28 Saturday Mar 2020
Posted in Lovecraftian arts
The real-time-comic styled sci-fi AAA vidogame Borderlands 3 has a new strongly Lovecraftian makeover, in the form of its major “Guns, Love, and Tentacles” premium DLC. On release now, it’s apparently it’s a great success and even strongly improves a vital aspect of the game.
Kotaku’s review sums it up (partial spoilers)…
The scenery on Xylourgos is […] a massive (and dead) monstrosity known as Gythian serves as the centerpiece, and inhabitants have built a town directly under its corpse. Gythian is an ever-present aspect of the environment and storyline, with tentacles stretching both literally and metaphorically across the planet’s vast wastelands. [The alien planet] Xylourgos is also cloaked in darkness thanks to a perpetual solar eclipse, the thin glimpses of light that manage to escape casting an eerie blue-green hue over the icy landscape.
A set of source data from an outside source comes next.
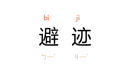 引《再生缘》第三七回:“母亲与郡主两年避跡在于 万缘尼菴 内。”《玉娇梨》第八回:“晚生寒舍虽在郡中,却有一个小园在前面 白石村 中,晚生因在此避迹读书,到了城中住的时少,又癖性不喜妄交朋友,所以贱名不能上达。”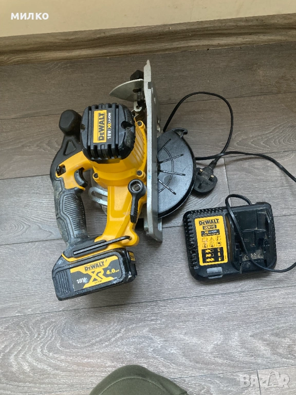 Ръчен Циркуляр Dewalt DCS391 със 1 батерия 4 ампера и зарядно!! Машината работи перфектно без проблеми!
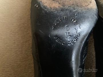 Raro ed elegante paio di scarpe in pregiato coccodrillo baby nero, realizzate da Valux, il maestro calzolaio delle eleganti donne milanesi del trentennio dopoguerra.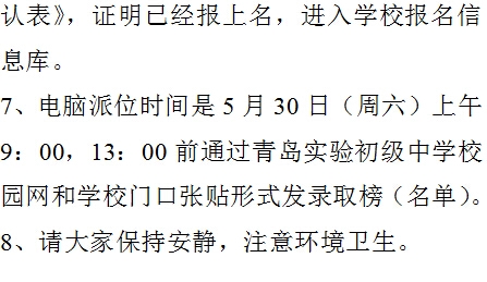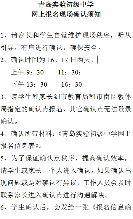 2015年青岛实验初级中学小升初网上报名今天就截止了,将在16-17日,进行青岛实验初级中学2015小升初网上报名现场确认,下面是青岛实验初级中学发布的现场确认须知。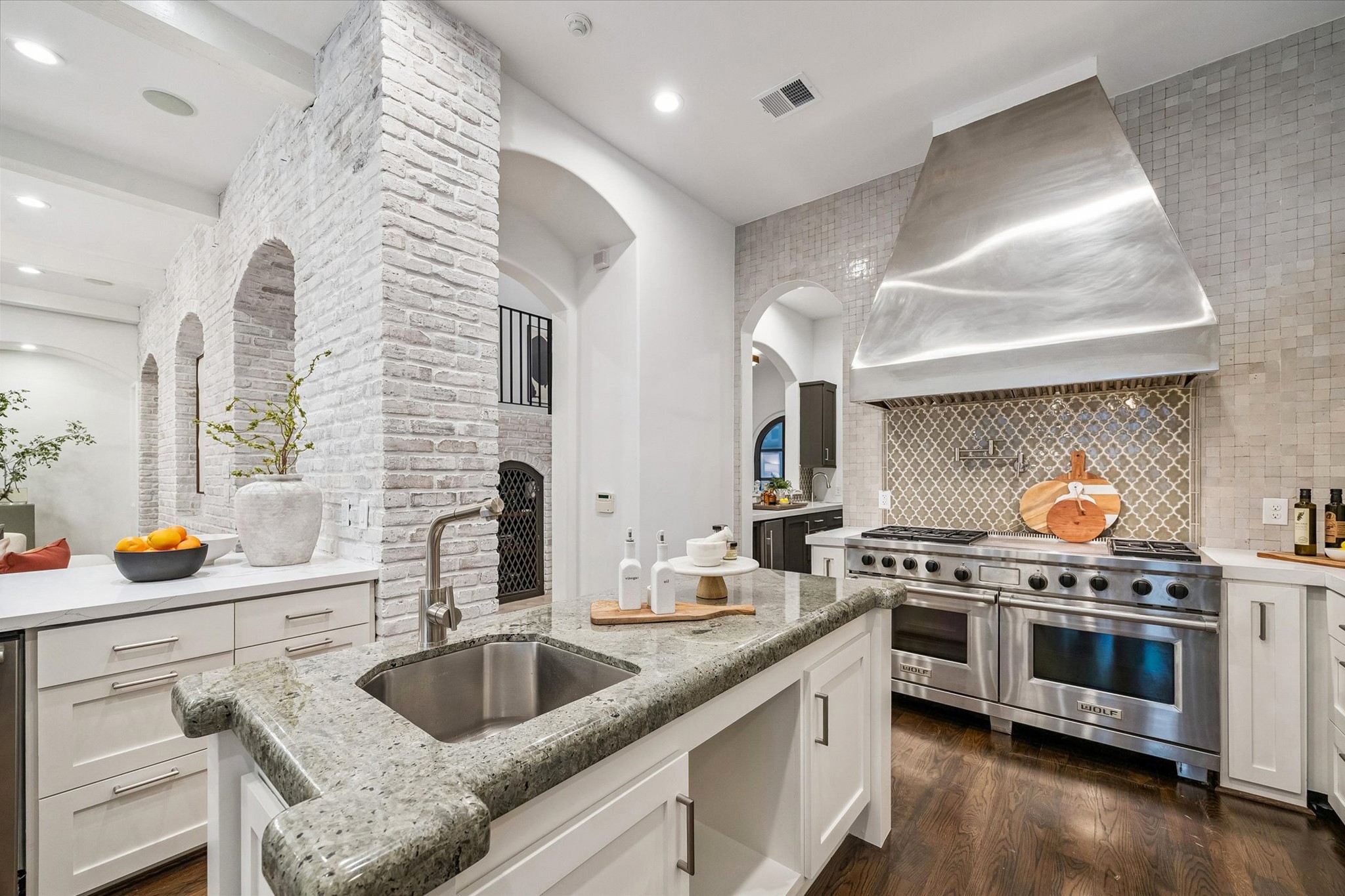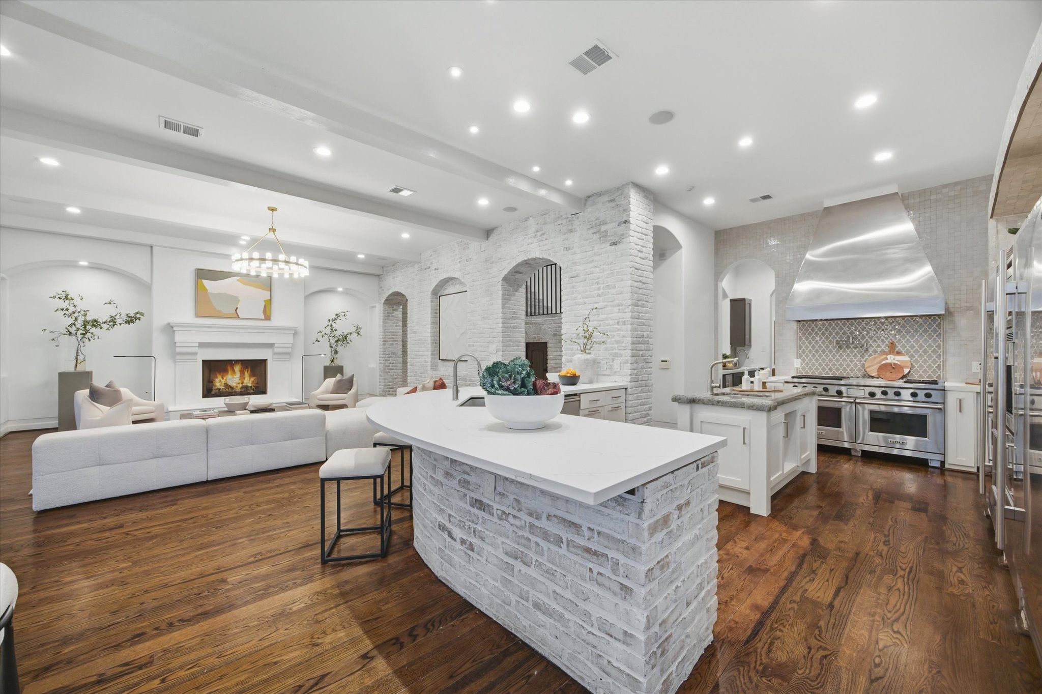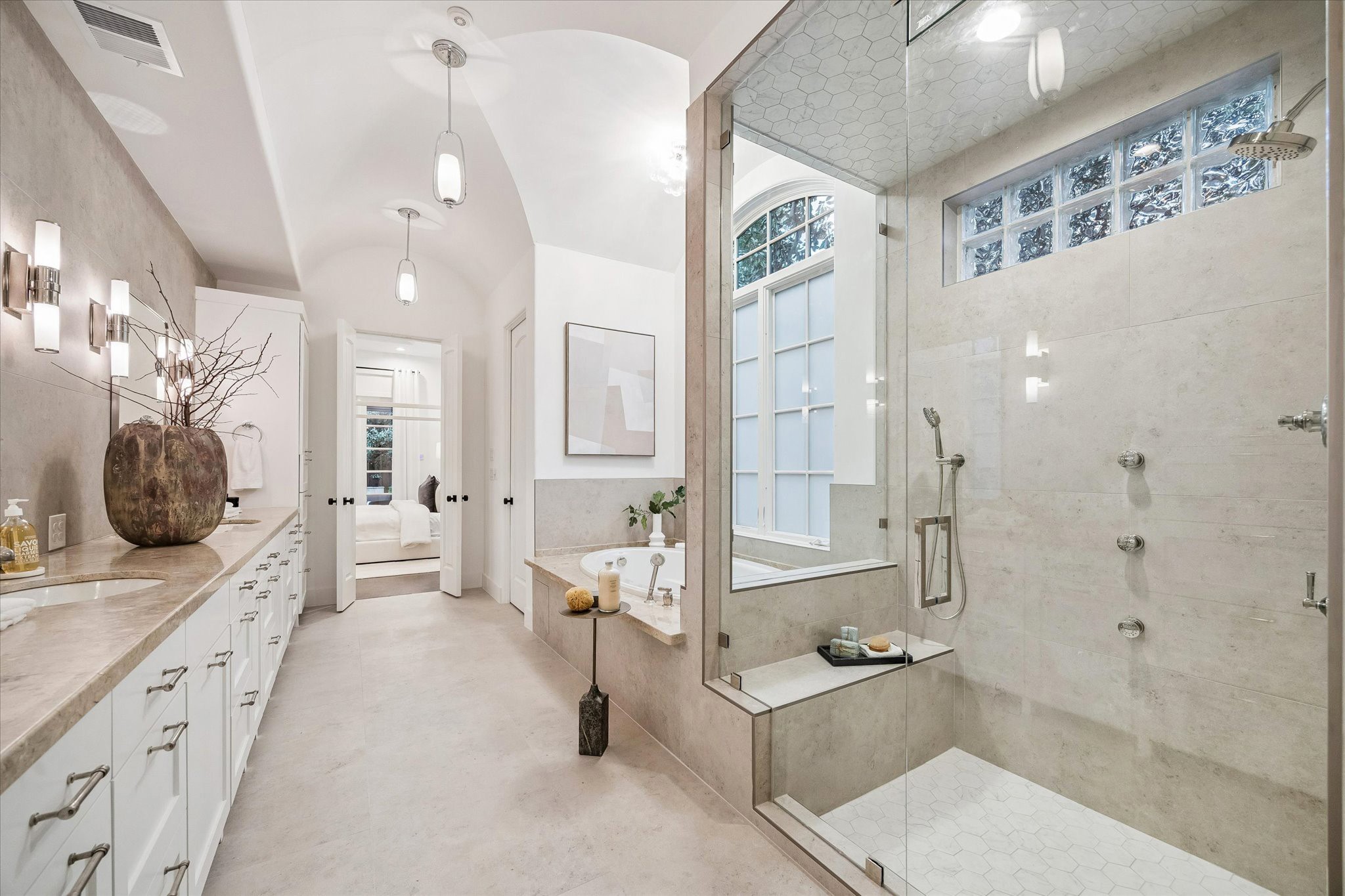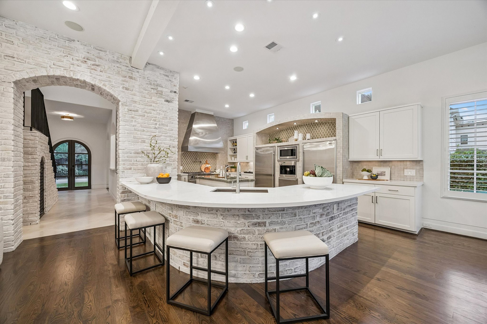 Built by Covington Builders as his personal residence for his family, this renovated Old Braeswood area home showcases exceptional craftsmanship and thoughtful design throughout. Chef’s kitchen with Sub-Zero refrigerator/freezer, Miele coffee system, two dishwashers, dual sinks, and a Wolf range pot filler. Wet bar with entertaining/serving area. FIRST-FLOOR PRIMARY SUITE opens to a covered veranda with summer kitchen and fireplace, and features two closets, steam shower, and second washer/dryer connections. Upstairs offers an expansive game room and three additional bedrooms. Detached GUEST HOUSE with living area, bedroom, and kitchen. Outdoors, enjoy a tranquil setting with lush landscaping, heated POOL/SPA, fireplace, multiple seating areas, and summer kitchen, all with ultimate privacy. Additional highlights include a wine cellar and smart home system with built-in speakers. Prime location near Rice Village, Rice University, the Medical Center, and museums. Gorgeous!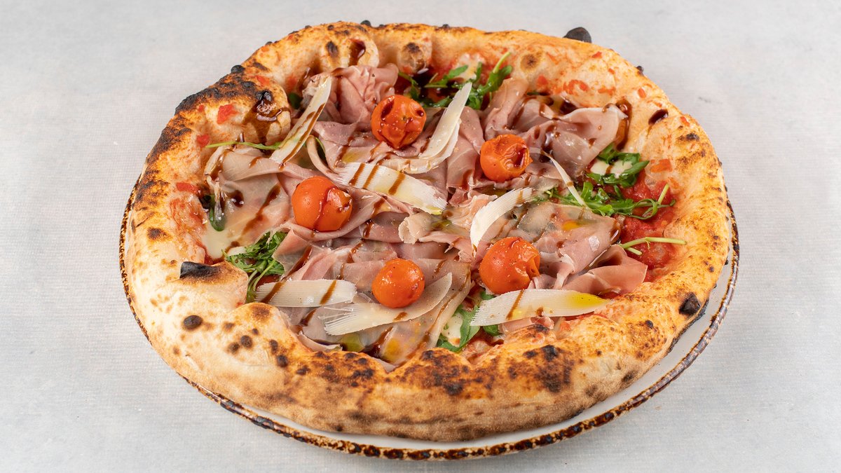 Pizza testo, Stracciatella, Grana Padano parmezan, pršuta San Daniele, cherry confit, rukola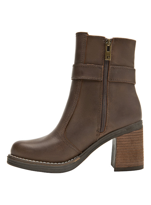 Elevate tu estilo diario con estos fabulosos botines de cuero en un cálido tono café. Con un taco bloque de 9 cm, su altura brinda una presencia poderosa sin sacrificar la comodidad. La textura suave del cuero se complementa de manera sublime con el detalle de la hebilla, aportando un toque de distinción a cada paso. Súmate a la tendencia vanguardista y combina estos botines con un vestido fluido o unos jeans ajustados para un look moderno y atractivo.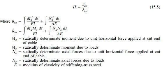 Equation (15.22) by itself is not sufficient for solution for the two unknowns, and the horizontal component of cable tension Hp due to live load. (Note: H can be expressed in terms of Hp .) Therefore, an additional compatibility equation is necessary. It expresses the cable condition that the total horizontal projection of cable length between anchorages remains unchanged.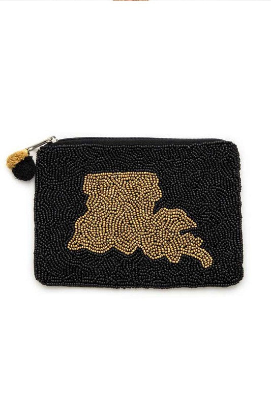 Louisiana State Map Beaded Zip Pouch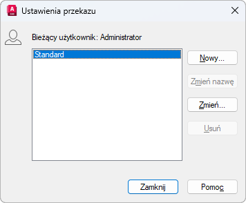 Zmienia nazwę aktualnie wyróżnionego ustawienia przekazu.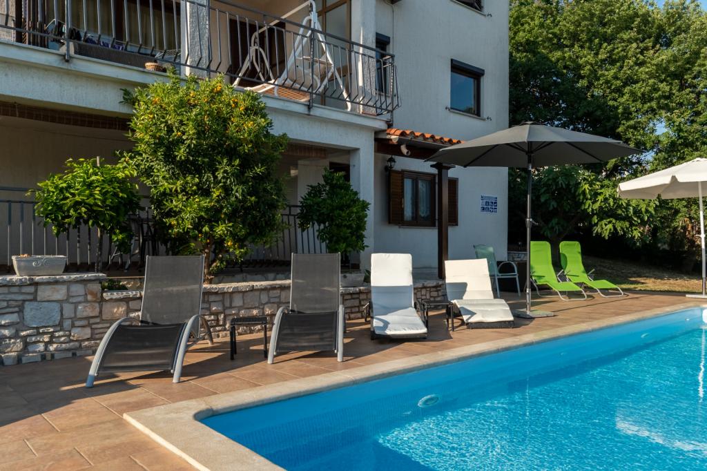 Willkommen in den Apartments Villa Verde. Wir befinden uns in einem ruhigen Dorf, 10 Autominuten vom Zentrum von Porec entfernt. Genießen Sie die frische Luft und das Zwitschern der Vögel, während Sie im 32 m² großen Pool entspannen, der von jahrhundertealten Eichen auf einem isolierten 3500 m² großen Grundstück umgeben ist. Die Apartments sind komplett ausgestattet für einen erholsamen Aufenthalt in einer natürlichen Umgebung. Die Apartments in der Villa Verde sind nur für Erwachsene gedacht. Wir bieten Ihnen die Möglichkeit, den Grill mit all seinen Geräten zu nutzen (ich kann Ihnen mit unserem hausgemachten Holz und dem einheimischen istrischen Wein und Dessert helfen). Wir bieten unseren lieben Gästen hausgemachte Eier unseres Popcorns an, die unsere Gäste gerne füttern und sie Belohnen Sie sie mit hausgemachten Eiern. Ich hoffe, Sie entscheiden sich für einen Aufenthalt in unseren Apartments und genießen die entspannte Atmosphäre eines typisch istrischen Dorfes.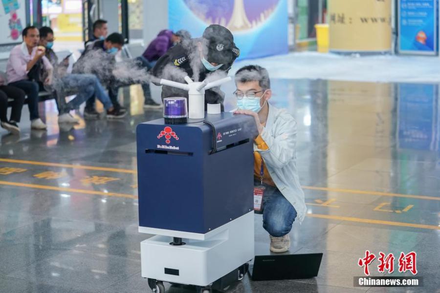 A staff member debugs a robot at the upcoming 17th China-ASEAN Expo in Nanning, South China's Guangxi Zhuang Autonomous Region, Nov. 25, 2020. (Photo: China News Service/ Yu Jing)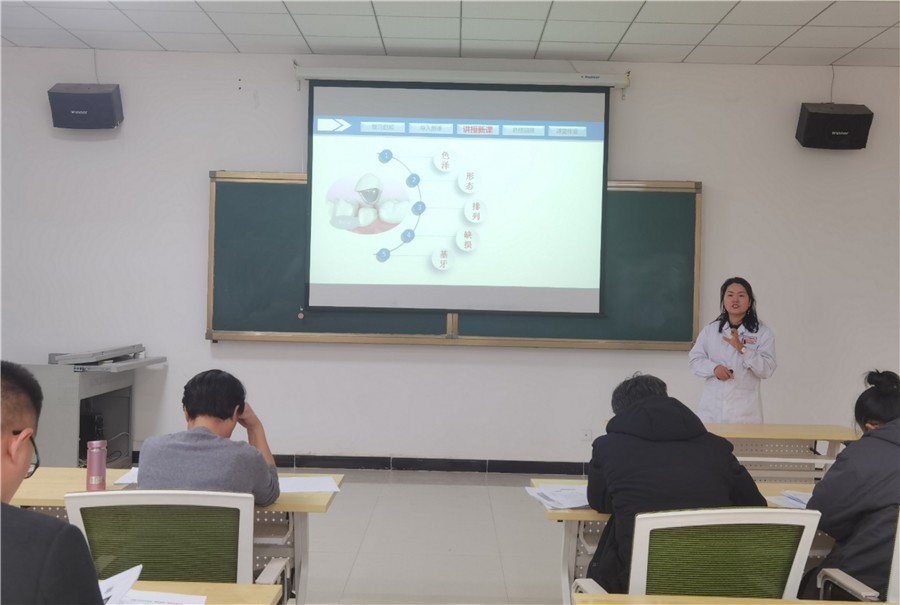 为了认真贯彻落实《天游8线路检测中心关于举办“课程思政”课堂教学比赛暨 2020 年教学优秀奖评选活动的通知》(甘卫院函〔2020〕96 号)精神,全面了解参赛教师的准备情况,帮助教师发现问题,同时为参加校赛做好选拔推荐工作,11月29日下午,医学技术学院口腔教研室在学院会议室组织开展了“课程思政课堂教学比赛”初赛选拔推荐活动。医学技术学院口腔教研室共有4名教师报名参加了此次比赛,活动特别邀请医学基础医学院鲁兴梅副教授作为点评嘉宾,学院资深教师作为评委,口腔教研室全体教师参加,活动由副院长蒲小猛主持。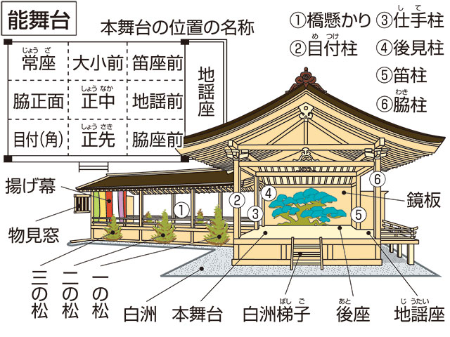 La scène (butai) est un plancher surélevé d’un mètre par rapport au sol, formant un carré dont les quatre angles représentent les points cardinaux. C’est dans ces quatre angles que prennent place les quatre piliers soutenant le toit de la scène. Les coulisses (gakuya) sont reliées à la scène par une passerelle (hashigakari).
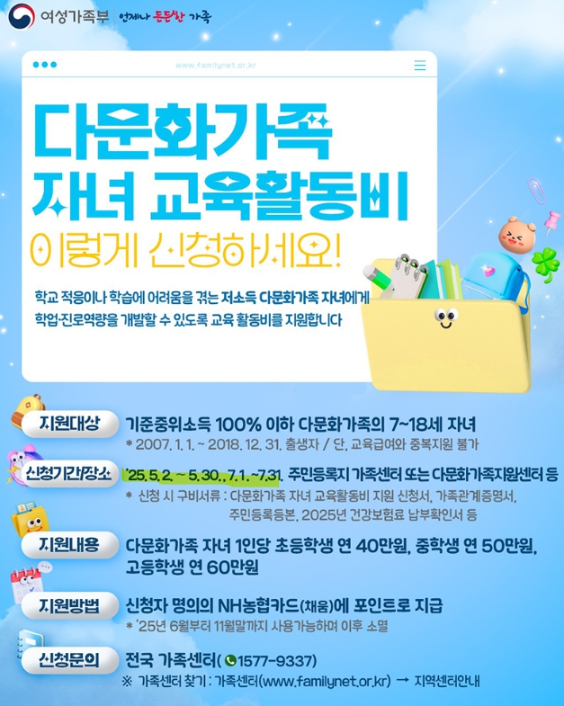 ✅ 언제 다문화가족 자녀 교육활동비 신청해?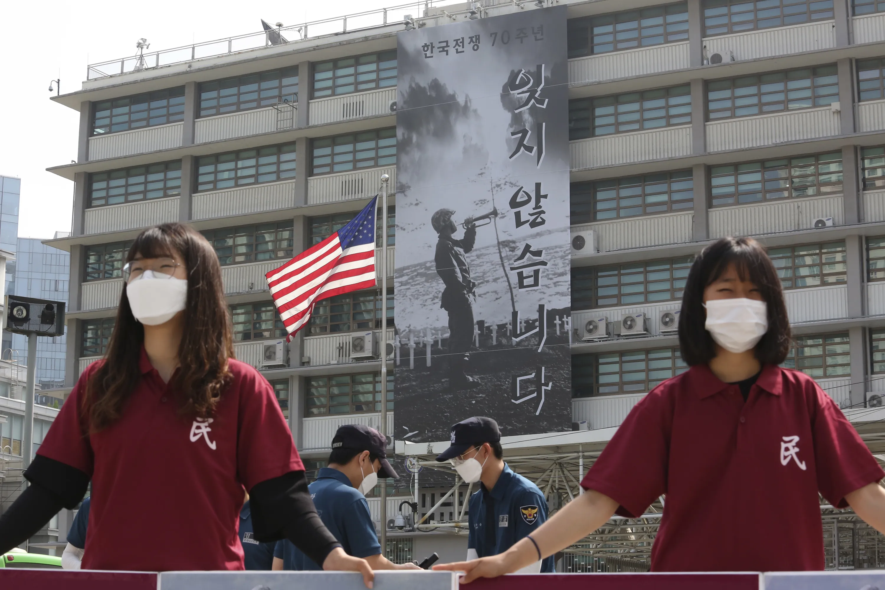 A banner to commemorate the 70th anniversary of the start of the 1950-53 Korean War is displayed after a “Black Lives Matter” banner was taken down, while protesters stage a rally demanding withdrawal of U.S. troops from Korea Peninsula, at the U.S. Embassy in Seoul, South Korea, Tuesday, June 16, 2020. The large Black Lives Matter banner has been removed from the U.S. Embassy building three days after it was raised there in solidarity with protesters back home. The sign reads “Don't forget it”. (Photo by Ahn Young-joon/AP Photo)

Gythian is an obvious homage to Lovecraftian deities like Cthulhu [with] a cult that worships Gythian’s heart as part of some bizarre love ritual. There’s also an NPC [non-player character] who believes himself to be a fishman a la “The Shadow Over Innsmouth” and asks the player to lower him into a frozen lake to commune with his fish queen.
Borderlands 3 isn’t a game known for its incredible boss fights. They usually go a little something like this: a giant bad guy appears [at the end of the game’s level] and you shoot them until they die. [Yet here the player at last gets] a boss fight that actually feels difficult, compelling, and rewarding […] it makes a nice change from defeating Borderlands bosses through brute force.
[…] one of the most enjoyable romps I’ve had with the Borderlands series since it debuted in 2009.”
Sounds great. Doubtless there will be a gazillion play-throughs on YouTube before the weekend is out, so go there if you want to see more of what the game looks and plays like.
27 Friday Mar 2020
Posted in Lovecraftian arts, Odd scratchings
Seen below are some good photo-reference pictures for an 18th century suit, and these may be useful for artists seeking to depict H.P. Lovecraft as an 18th century Englishman of letters. Interestingly, if Lovecraft had ever acquired the financial means to purchase a steam-heated English mansion in Devonshire, complete with semi-tropical glass-houses, then he could have settled in England. Since he knew of…
… the legal provision which makes me still able, as the grandson in direct male line of a true-born Englishman, to call myself a rightful British subject.
… but otherwise one imagines that our climate would have dampened his ardour for England, even on a summer visit of a few months.
24 Tuesday Mar 2020
Posted in Lovecraftian arts, New books
The H.P. Lovecraft Literary Podcast veers off the ancient track and dives into a survey of Japanese animation, in the new “Lovecraftian Anime” episode.
Along similar lines is the new “Reading the Bible with Horror” podcast, interviewing the author of a book-length survey of all the ‘monster horror’ bits of the Bible. The blurb for this also reveals a new project, The Oxford Handbook of Biblical Monsters.
19 Thursday Mar 2020
Posted in Historical context, Lovecraftian arts
A new one-hour Plot Points podcast asks…
How did H.P. Lovecraft’s ‘The Colour Out of Space’ influence gaming? Academic Scott Bruner, Chaosium stalwart Jim Lowder, and host Ben Riggs (Encounter Theory) gather to discuss!
17 Tuesday Mar 2020
Posted in Lovecraftian arts, New books
John Coulthart has posted a full scan of his cover-art for His Own Most Fantastic Creation, in the post “Double weird”.